そういう私の心の中にも、そういう悪口雑言を言われておる時に、心の中に一突きに殺す、例えば、心で殺すのが重い罪じゃとみ教えにあります。もう私は自分の心で、相手を一突きに殺そうとしておる、その、どう言うふうに言うて殺そうか、と心の中に思っておるお夢であって、まあだ、こういう心があるなと、自分で思うたわけですけども、もう本当に心がね、本当に改まり、またはいろんな場合に自分にはない、と思うとったけど、こういう恐ろしい心がある。こういう汚い心がある。と言ったようなものを、自分の心の中に詮索して参りますとね、あるわ、あるわ、おかげの受けられない、いうなら元がそこにあるんです。
それを、日々の改まりが第一と教えて頂く事によって、あ-こう言う心ではおかげにならんとね。いうならば今日、安武先生の例え話しをもって、有り難く頂くとか、または大地を拝んだとかと、拝む心があれば、おかげがあると仰しゃる。またはそれを煮て食する時、神様頂きますと言う心あらばあたること、障ることないと仰しゃつとられる。
それを、本当にそうだと分からせて頂いて、そう言わずにおられん、大地を拝まずにはおられない、というその心が、菜園に出た時、菜園を拝むのであり、または神様頂きますという心が、自ずと出てくるわけです。その根本的な、またその根本的なところを、私は今日のお夢の中に頂いたとこう思うです。

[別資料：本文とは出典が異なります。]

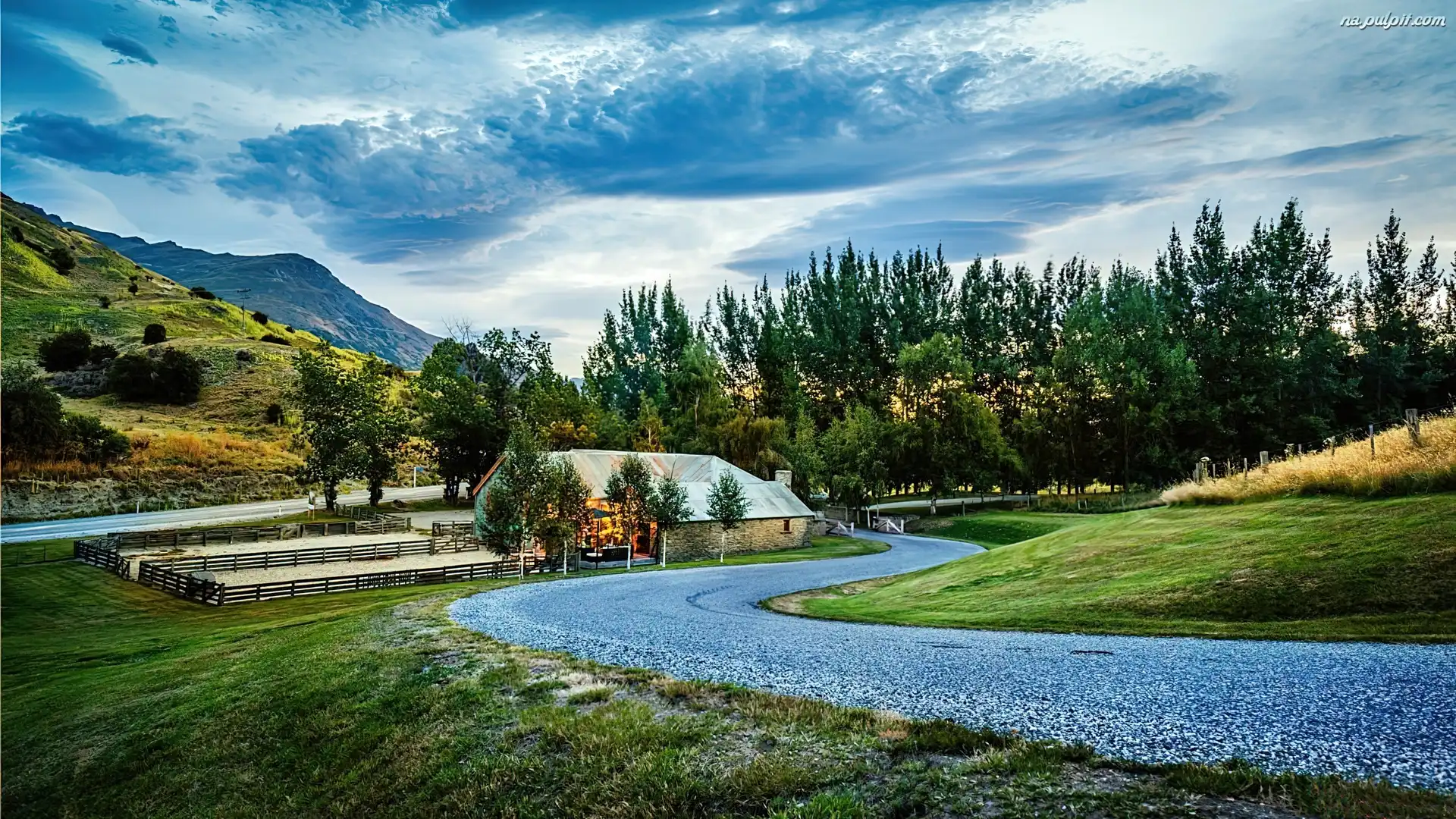 Górach, Droga, Piękna, W Dom, Palmy, Morze, Chmury Wyspa, Szkocja, Góra Mgłą, Drzewa, Las, Droga Góra Góry, Krzewy Chmury, Ulica, Zachód Słońca Domy, Słońca, Zachód, Rzeka Morze, Góry Drzewa, Drewniana, Las, Dróżka Góra, Zachody Śłońca Alberta, Montana, Jezioro, Prowincja Linia, Droga, Żółta Japonia, Dom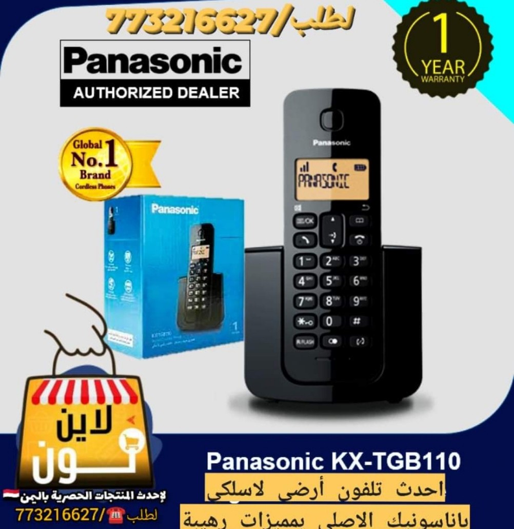 هاتف رقمي لاسلكي من شركة Panasonic العالمية الاصلي 100 للخطوط الأرضية بسماعة ب مايك وقابله للشحن بالقاعدة المخصصة
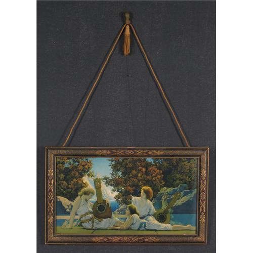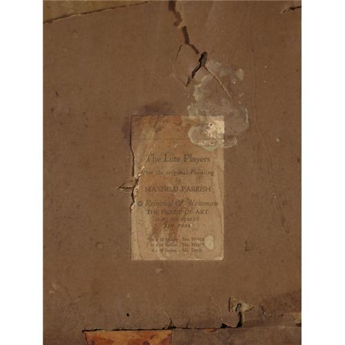 COLOR PHOTOLITHOGRAPH 9 1/4'' x 17 1/2''. Maxfield Parrish (1870-1966), NH. ''The Lute Players''. Placed in a vintage frame with gilt detailing and vintage woven picture hanger (missing circular piece), rubbing on frame, as seen. Parrish's wildly successful romanticized images are an icon of the American culture.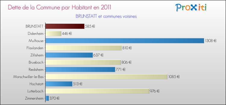 Par rapport aux 6 310 habitants de Brunstatt, en 2011 le poids de cette dette représente 585 € par habitant.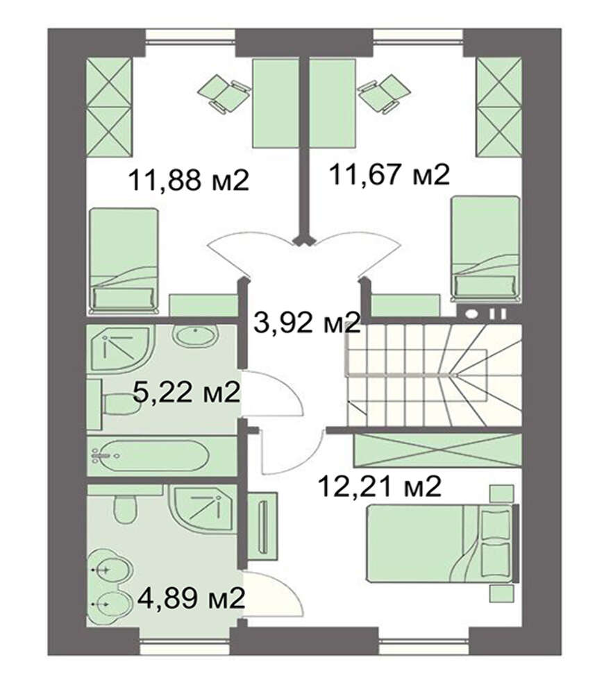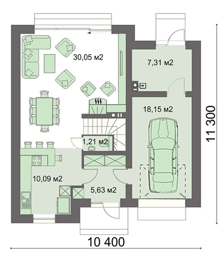 Первый этаж представлен помещениями для общего проведения времени всеми членами семьи. Площадью в 18 м2 гараж решает проблему с одержания транспортного средства, примыкающее помещение традиционно используется для хранения, требуемого для обслуживания инструмента, и выполнения слесарных работ по дому.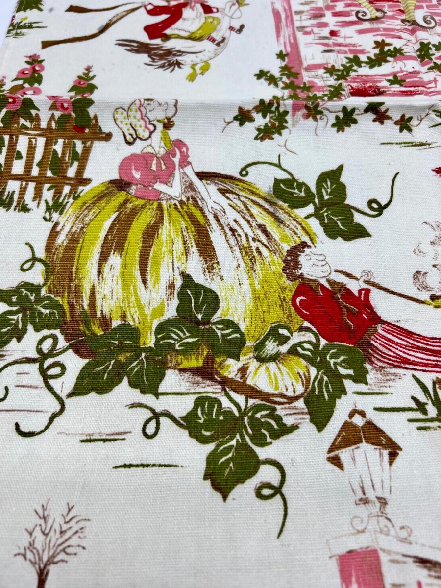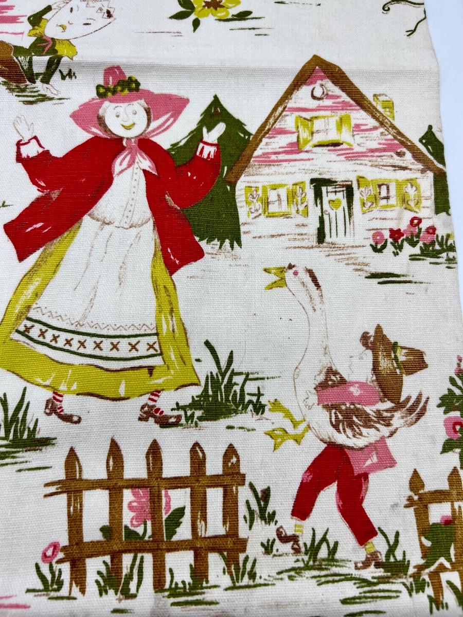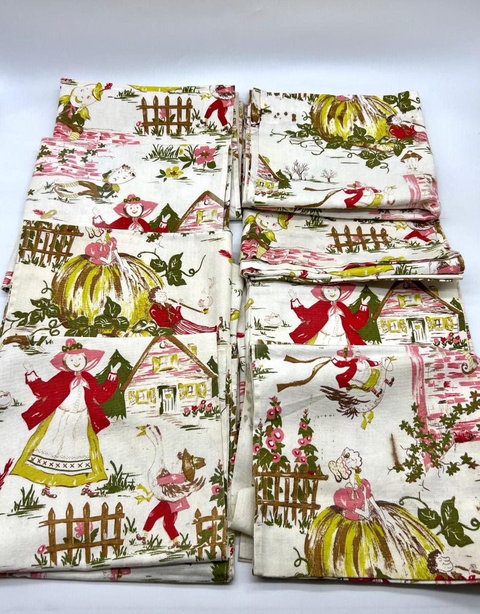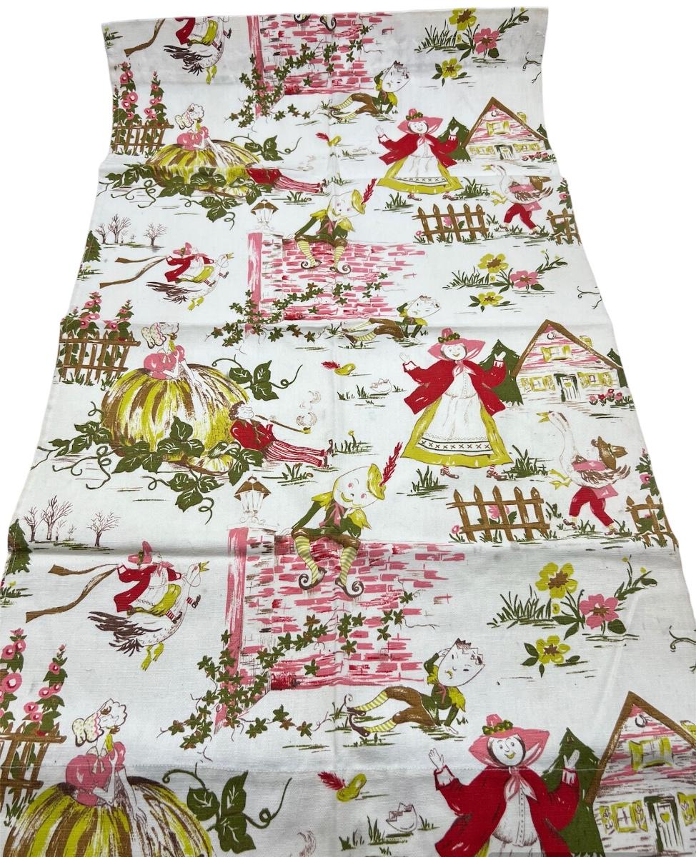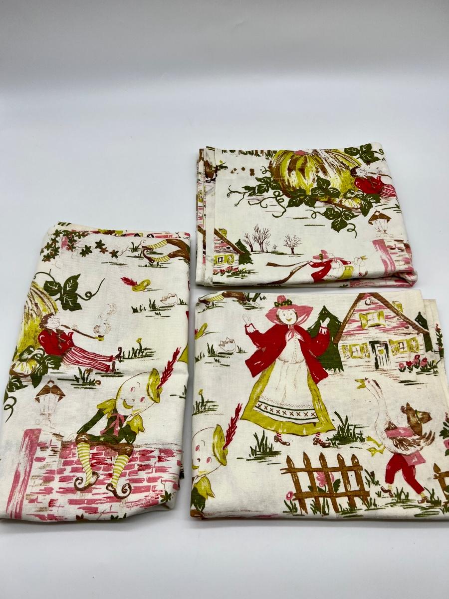 8 Vintage Nursery Rhymes Humpty Dumpty curtain valances. Each measures 38 inches long and 21 1/2 inches wide. Some may need to be spot cleaned.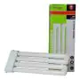 Bij (LED) spaarlampen bestaan er fittingen/lampvoeten met 2 pinnen of 4 pinnen. Kies altijd een spaarlamp met dezelfde lampvoet, anders past deze niet in het armatuur en werkt deze niet. Spaarlampen met een 2-pins fitting werken met een conventioneel voorschakelapparaat (EM) incl. starter. Spaarlampen met een 4-pins fitting werken met een elektronisch voorschakelapparaat (HF) zonder starter. |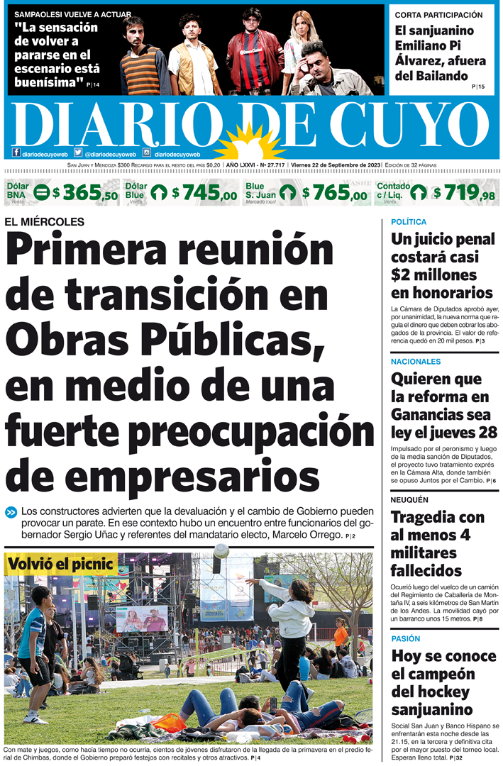 Diario de Cuyo | HOME | Noticias Tapa Edición 22 de Septiembre de 2023 Por Redacción Diario de Cuyo 21/09/2023 · 0:00 Escuchar la noticia Escuchar la noticia Your browser doesn’t support HTML5 audio Ver los comentarios ›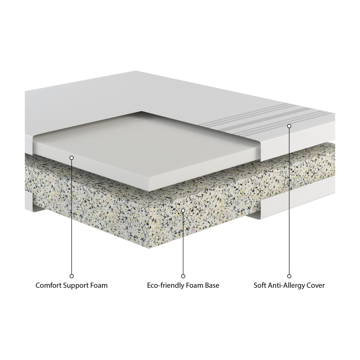 Better for the environment, our pioneering 15cm Depth Mattress is part of our Dream Eco collection. This mattress is fully recyclable and has a specially engineered, 100% recycled Eco Foam base. We have re-used what is already available, resulting in fewer emissions and less waste. This mattress is topped with a layer of Comfort Foam for comfort & stability & also has an anti-allergy and anti-dust-mite cover. End-of-life recycling stops mattresses from going into landfill sites and back into production for new things! Save pounds when compared to branded or high-street memory foam mattresses. Made in the UK, this sustainable mattress has a lower carbon footprint.

自分の心を、限りなく見つめさして貰い、自分の心の上にです、それこそ人に刃物で傷をつける、刃物で人を殺す、だからピストルを持っておる事も、いうなら刀を持っておる事も、それは人を殺すとか、そういう目的でなくて、自分の身を守るために持っておるんだ、という人もありますけれども、これは恐ろしいことです。もし刀やら鉄砲やら、自分の護身用にもっておる事は恐ろしい事です。もしそう言う場合に、それで射ったり切ったりする事になるのです。神様から守って頂くということ、護身用の刀では無くて、いうなら、私共は天地金乃神様の御守護を受けておるんだ、とそして成程、御守護の中にあると言うことを、実感出来るような信心にならなければいけませんね。でないと、本当にその刀やらピストルやらがです、自分は護身用と思うとるけれども、それで人を傷つけたり、殺したり、するような事に使われないとも限らない。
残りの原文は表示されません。